- What is needed -
Could you repeat the records below exactly, without the pictures?

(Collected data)

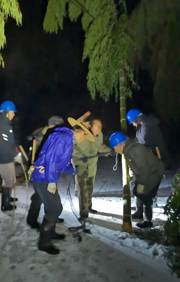 2月22日傍晚,在石璜徐家培高界嶺自然村內(nèi),甘霖供電所搶修隊在徐家培村委會成員的陪同下正在緊張而忙碌地?fù)屝薇淮笱簲嗟碾娋€。夜幕降臨,雪還在不停地下,村委們配合著打開照明燈,搶修隊們爬上覆冰嚴(yán)重的電線
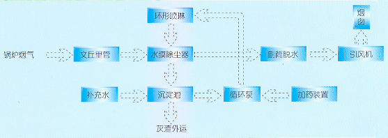含塵及二氧化硫的煙氣,高速進入高效脫硫花崗巖水膜除塵器內,同時將 PH 值在 10 以上的堿性水噴入筒體內,在引風抽力下高速運轉,竟熱態煙氣濕潤、凝聚,其中二氧化硫與堿性水霧進行化學反應,使含塵顆粒凝聚、濕潤、比重加大,在筒內以切線進入產生離心力,將凝聚的煙塵從煙氣中分離出來,再由筒中的噴淋水沖洗到筒體底部水槽內經水浴后,進入沉淀池沉淀,廢水經沉淀后再用耐酸泵打入除塵內循環使用,不產生二次污染,并達到脫硫除塵目的。
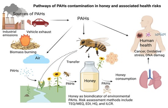 Honey is a widely consumed natural product with recognized nutritional and therapeutic properties. It has recently gained attention as a potential bioindicator of environmental contamination due to its ability to accumulate pollutants such as heavy metals, pesticides, and polycyclic aromatic hydrocarbons (PAHs) [1,2]. Among these, PAHs have attracted special attention due to their toxicity, persistence and carcinogenicity [3]. PAHs are a class of toxic, oil-soluble organic pollutants, primarily produced by incomplete combustion of fossil fuels, biomass, and waste. These pollutants are ubiquitous in the air and can enter honey through bees collecting contaminated pollen and nectar or through the deposition of airborne particles [4]. Several PAHs—such as benzo[a]pyrene (BaP), fluoranthene (FL), and pyrene (Pyr)—have been classified by the USEPA as priority pollutants due to their toxicity and mutagenic effects [5]. Long-term exposure to PAHs may cause adverse health effects such as endocrine disruption and increased cancer risk [6]. Furthermore, emerging evidence indicates that not only parent PAHs but also their transformation products—such as oxygenated (OPAHs) and nitrated PAHs (NPAHs)—can be detected in honey. These derivatives are generated by atmospheric photochemical reactions or by microbial transformation of parent PAHs. Some may possess mutagenic and carcinogenic potency equal to or even higher than the original compounds [7,8]. Recognizing the presence of parent PAHs and modified PAHs emphasizes the need for comprehensive monitoring of honey as a food and environmental monitoring indicator. Consequently, monitoring PAH contamination in honey not only serves as an environmental assessment tool but also addresses growing concerns about food safety and public health. Figure 1 provides an overview of the environmental pathways leading to PAH contamination in honey and their associated health risks.
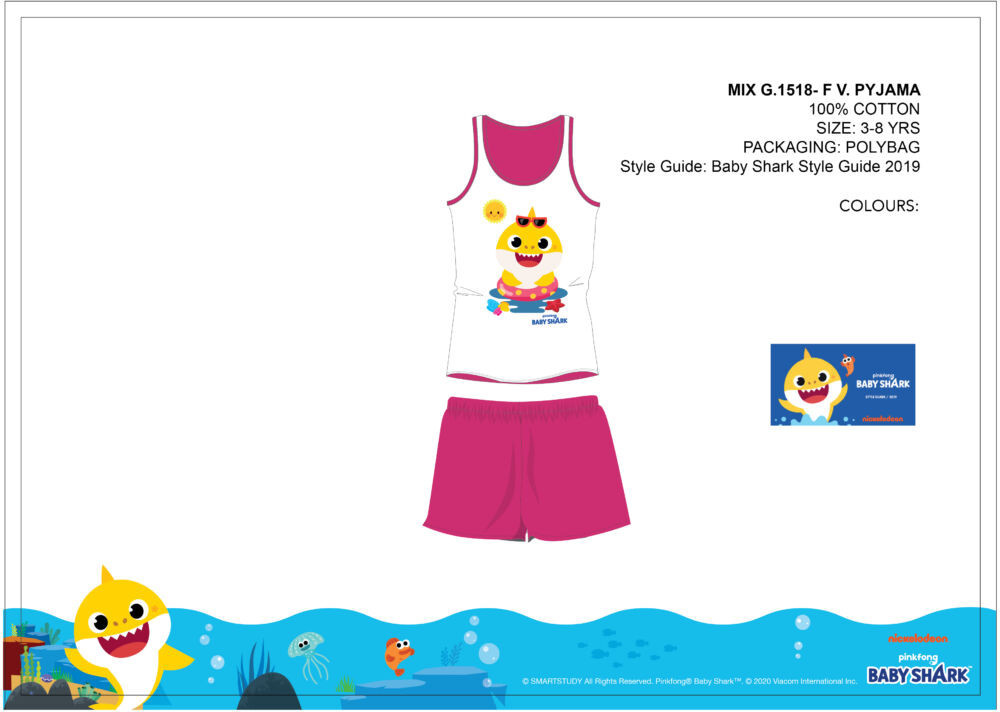 Baby Shark Summer-Jersey-Pyjama für kleine Mädchen aus 100 % Baumwollmaterial. Angenehmes, hautfreundliches Tragegefühl. Das Produkt ist in einer Geschenkbox erhältlich.
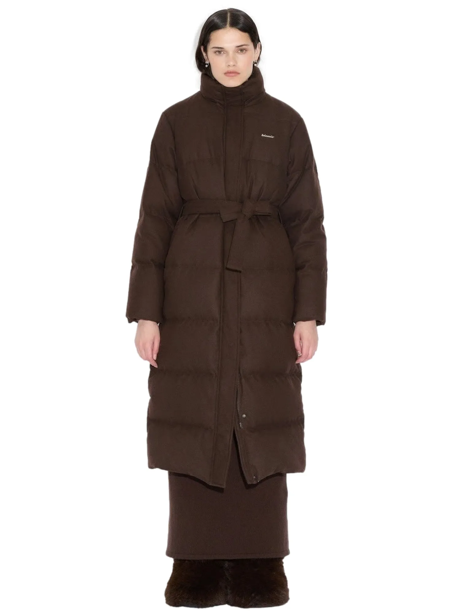 Med en kant som går under kneet og knyteløs midje kan Tech Wool-dunfrakken brukes over kveldstøy for optimal isolasjon. Laget av en teknisk ullblanding og vattert med dun, tilbyr dette designet tekniske funksjoner som inner- og utvendige lommer med glidelås, toveis glidelås foran og høy hals. Den er toppet med en metalllogoplakett på brystet.

- Solution below -
 2月22日傍晚,在石璜徐家培高界嶺自然村內(nèi),甘霖供電所搶修隊在徐家培村委會成員的陪同下正在緊張而忙碌地?fù)屝薇淮笱簲嗟碾娋€。夜幕降臨,雪還在不停地下,村委們配合著打開照明燈,搶修隊們爬上覆冰嚴(yán)重的電線
含塵及二氧化硫的煙氣,高速進入高效脫硫花崗巖水膜除塵器內,同時將 PH 值在 10 以上的堿性水噴入筒體內,在引風抽力下高速運轉,竟熱態煙氣濕潤、凝聚,其中二氧化硫與堿性水霧進行化學反應,使含塵顆粒凝聚、濕潤、比重加大,在筒內以切線進入產生離心力,將凝聚的煙塵從煙氣中分離出來,再由筒中的噴淋水沖洗到筒體底部水槽內經水浴后,進入沉淀池沉淀,廢水經沉淀后再用耐酸泵打入除塵內循環使用,不產生二次污染,并達到脫硫除塵目的。
 Honey is a widely consumed natural product with recognized nutritional and therapeutic properties. It has recently gained attention as a potential bioindicator of environmental contamination due to its ability to accumulate pollutants such as heavy metals, pesticides, and polycyclic aromatic hydrocarbons (PAHs) [1,2]. Among these, PAHs have attracted special attention due to their toxicity, persistence and carcinogenicity [3]. PAHs are a class of toxic, oil-soluble organic pollutants, primarily produced by incomplete combustion of fossil fuels, biomass, and waste. These pollutants are ubiquitous in the air and can enter honey through bees collecting contaminated pollen and nectar or through the deposition of airborne particles [4]. Several PAHs—such as benzo[a]pyrene (BaP), fluoranthene (FL), and pyrene (Pyr)—have been classified by the USEPA as priority pollutants due to their toxicity and mutagenic effects [5]. Long-term exposure to PAHs may cause adverse health effects such as endocrine disruption and increased cancer risk [6]. Furthermore, emerging evidence indicates that not only parent PAHs but also their transformation products—such as oxygenated (OPAHs) and nitrated PAHs (NPAHs)—can be detected in honey. These derivatives are generated by atmospheric photochemical reactions or by microbial transformation of parent PAHs. Some may possess mutagenic and carcinogenic potency equal to or even higher than the original compounds [7,8]. Recognizing the presence of parent PAHs and modified PAHs emphasizes the need for comprehensive monitoring of honey as a food and environmental monitoring indicator. Consequently, monitoring PAH contamination in honey not only serves as an environmental assessment tool but also addresses growing concerns about food safety and public health. Figure 1 provides an overview of the environmental pathways leading to PAH contamination in honey and their associated health risks.
 Baby Shark Summer-Jersey-Pyjama für kleine Mädchen aus 100 % Baumwollmaterial. Angenehmes, hautfreundliches Tragegefühl. Das Produkt ist in einer Geschenkbox erhältlich.
 Med en kant som går under kneet og knyteløs midje kan Tech Wool-dunfrakken brukes over kveldstøy for optimal isolasjon. Laget av en teknisk ullblanding og vattert med dun, tilbyr dette designet tekniske funksjoner som inner- og utvendige lommer med glidelås, toveis glidelås foran og høy hals. Den er toppet med en metalllogoplakett på brystet.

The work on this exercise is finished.